A word on this before turning to Carey’s actual subject. Carey is alert to how higher education has always responded to the changing needs for “intellectual capital.” The medieval university, he writes, arose out of particular circumstances that brought students together in towns where knowledge could be organized and shared. Universities were from the start the seedbeds of what we would now call transnational elites. But they also became seedbeds of nationalism, romantic revolutionary ardor, and later Marxism. In the United States, the history of higher education has been interwoven in complicated ways with religious aspiration and various egalitarian movements, including efforts to advance the rights of women and racial minorities. It would seem difficult to explain the history of American higher education over the last half century without treating race and racial preferences as a central topic. Yet the topic is entirely missing in The End of College—as are the topics of campus radicalism from SDS to BDS; the sustainability movement; free speech controversies; and the politicization of higher education.

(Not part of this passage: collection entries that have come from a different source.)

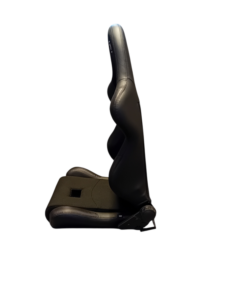 Robust racingstol med bältesgenomföringar, fällbar design och avtorkbar yta – byggd för komfort, säkerhet och hållbarhet i off-roadmiljöer.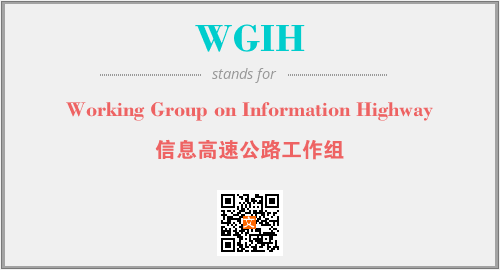上述内容是“Working Group on Information Highway”作为“WGIH”的缩写,解释为“信息高速公路工作组”时的信息,以及英文缩略词WGIH所代表的英文单词,其对应的中文拼音、详细解释以及在英文中的流行度和相关分类、应用领域及应用示例等。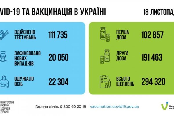 За добу 18 листопада в Україні зафіксовано 20 050 нових підтверджених випадків коронавірусної хвороби COVID-19 (з них дітей – 1555, медпрацівників – 331).
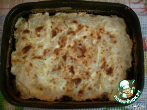 Смазываем верх запеканки сметаной и отправляем ее в горячую духовку на средний огонь. В моей на приготовление и пропекание фарша ушло около 45 минут.
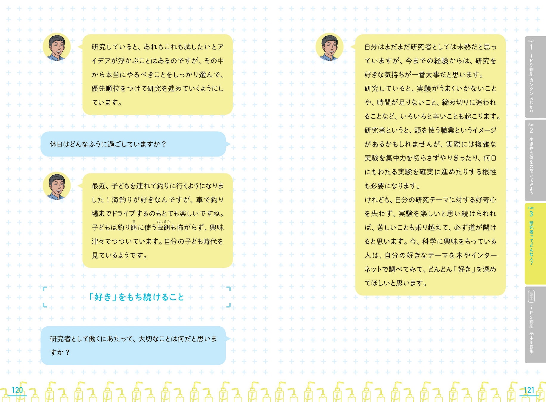 この本を通じて、iPS細胞はもちろん、生き物の体のふしぎや、科学全般について興味を深めてもらえたらうれしいです。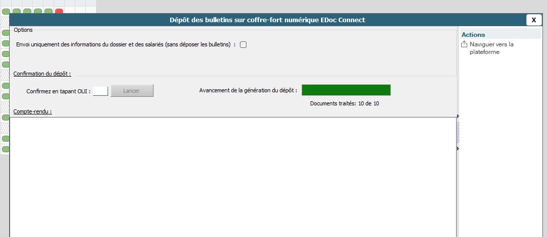 Je mets l’erreur que j’avais dans le dossier, au cas où ça peut aider ... il y avait un salarié sans mail renseigné et le coffre fort était activé sur sa fiche. Du coup, cela ne mettait aucun message d’erreur et le dépôt ne se faisait pas …. c’était tout bête ...

These blind spots are no less evident in Carey’s other writings on American higher education. Perhaps it is best to say that he knows his audience, which is liberal, self-satisfied, and not perturbed that colleges and universities have become leftist monocultures.
What Charles Eliot Did
What does perturb Carey is that American higher education is a mishmash of efforts to achieve three competing goals: vocational training, the research enterprise, and the liberal arts. None of these is accomplished especially well, although the liberal arts come off the worst. Carey places the blame for the mishmash at the feet of Charles Eliot, the Harvard University president who in 1869 invented the “elective system,” and who also made the bachelor’s degree a prerequisite for admission to Harvard’s graduate and professional schools. The elective system, soon copied at almost every other college and university, meant the demise of the core curriculum and its replacement by an expensive and expansive collection of courses that led to limited learning and incoherent programs. In Carey’s assessment, Eliot also opened the door for the faculty to be made up of research specialists who have no training in or necessarily any aptitude for teaching. The de-emphasis on the core curriculum and the dominance of research over teaching are two sides of the same coin.

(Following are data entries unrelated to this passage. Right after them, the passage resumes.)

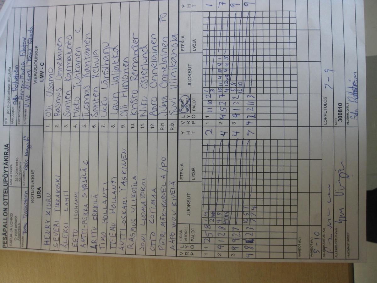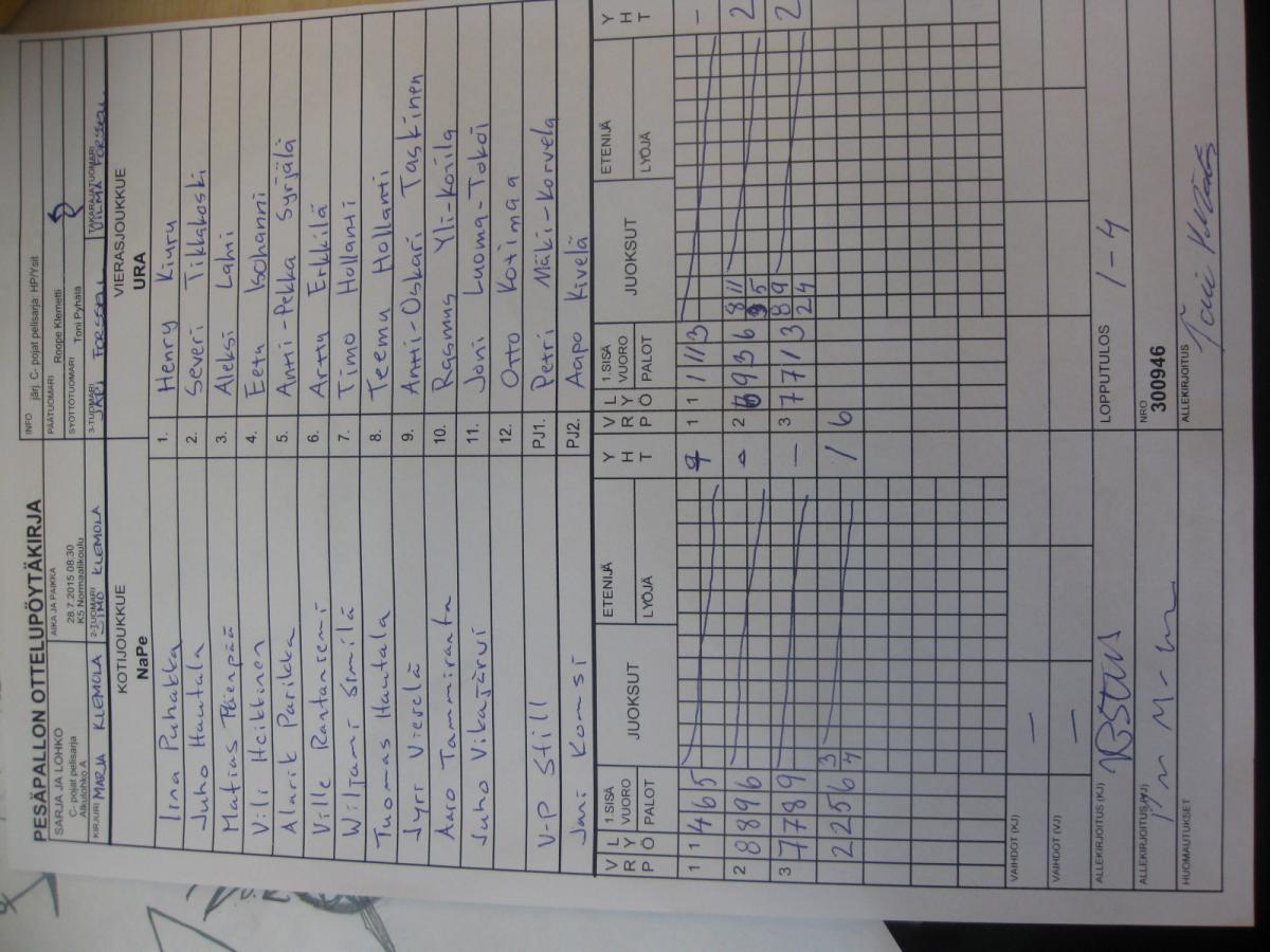 | Alkulohko A | 28.7.2015 09:45 | K5 Normaalikoulu | LP-jun | HP/Ysit | URA |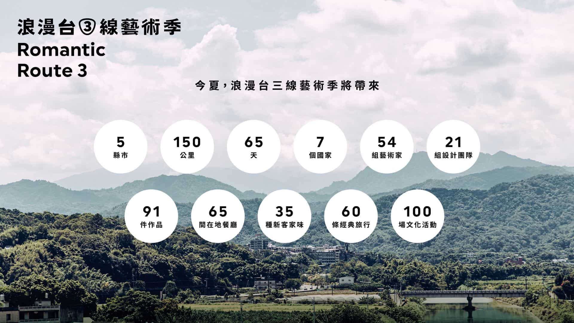 為了方便觀眾體驗150公里的台三線藝術季,總策展團隊區分了第一:桃竹、第二:苗栗、第三:台中三大展區,各在「北埔或者洋樓」、「公館客家文學花園」、「東勢林業文化園區」三地設置藝術季服務中心。在「關西太和宮」、「竹東台鐵車站」、「獅潭中油加油站」設置假日限定資訊站。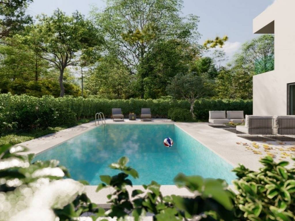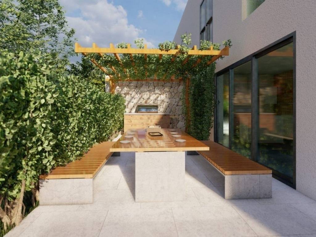 There is a covered summer kitchen in the outdoor area. The courtyard will be decorated with lawn and olive trees, which gives the space an authentic Mediterranean atmosphere.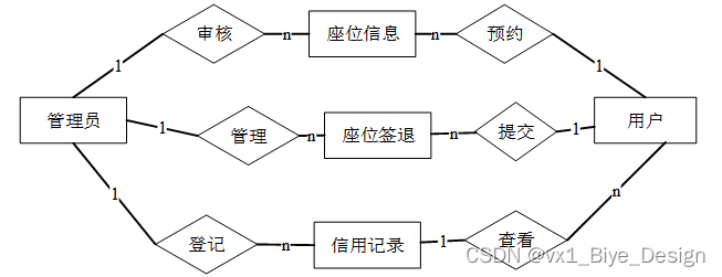 用户点击某个自习室进入预约详细页,点击报名预约按钮进入自习室座位信息页,提交座位预约信息,管理员管理用户的自习室座位预约信息,审核预约信息。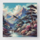 Pastel Drawing Ancient Asian Landscape Mountain Square Wall Clock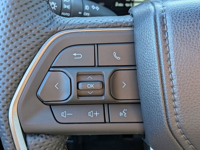 - Leather-wrapped manual tilt/telescopic steering wheel with phone, audio, display/infotainment, and Driver Assist controls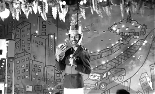 O filme termina com a exibição dos filmes do professor Joubert (Sílvio Restiffe), personagem inspirado no cineasta Jomard Muniz de Britto8. Ao ser questionado, por uma repórter, sobre o filme que vai exibir, Ficção e Filosofia, Joubert responde: “O mais importante não é o que as pessoas vão ver, mas o que elas deixarão de ver”.
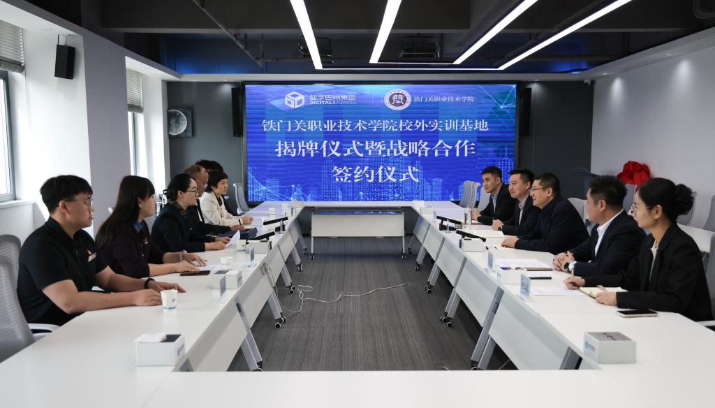 4月21日,铁门关职业技术学院与数字巴州产业发展投资(集团)有限公司校外产教融合实训基地揭牌仪式在数字巴州集团举行。学院党委书记熊红红,党委委员、副院长刘学明、巴州产教融合服务中心主任张传河,数字巴州集团党委副书记、董事长李彦东出席仪式,集团相关负责人、信息智能工程学院相关负责人及师生代表参加。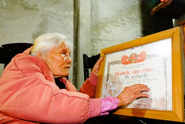 Mẹ Lê Thị Nguyên lau bằng Tổ quốc ghi công của con trai, liệt sĩ Nguyễn Danh Phú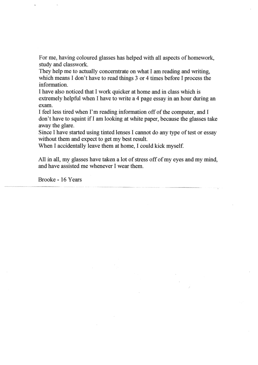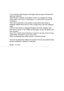 “For me, having coloured glasses has helped with all aspects of homework, study and classwork”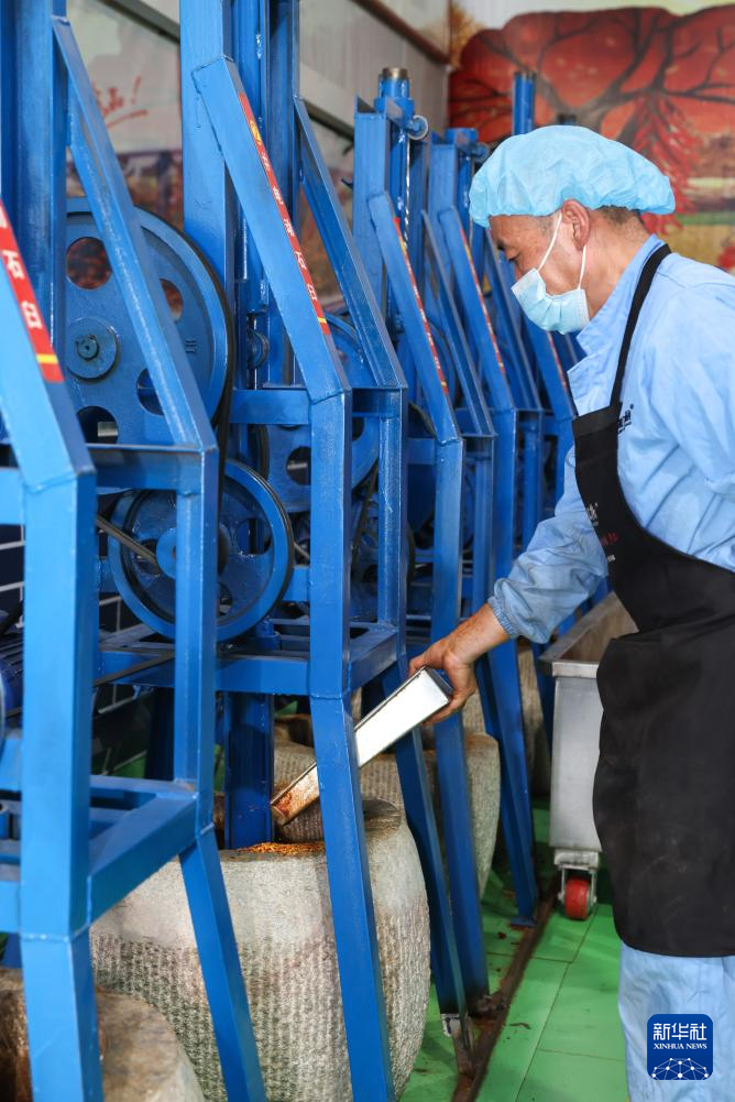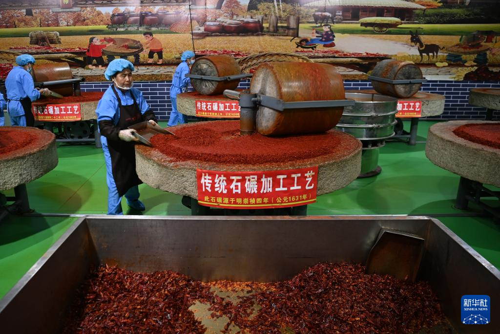 7月22日,工作人员在甘肃天水市甘谷县安远镇的辣椒烘干和加工车间里操作电动石臼。

But that coin is burnished to a golden gleam with the rhetoric of liberal arts education, endlessly deployed by college presidents who have redefined the “liberal arts” as whatever their institutions happen to be doing at the moment. Learning to “think critically” covers just about any contingencies short of grunt labor, but maybe that too if the labor is spent sorting recyclables or undertaking other sweaty tasks on behalf of social justice.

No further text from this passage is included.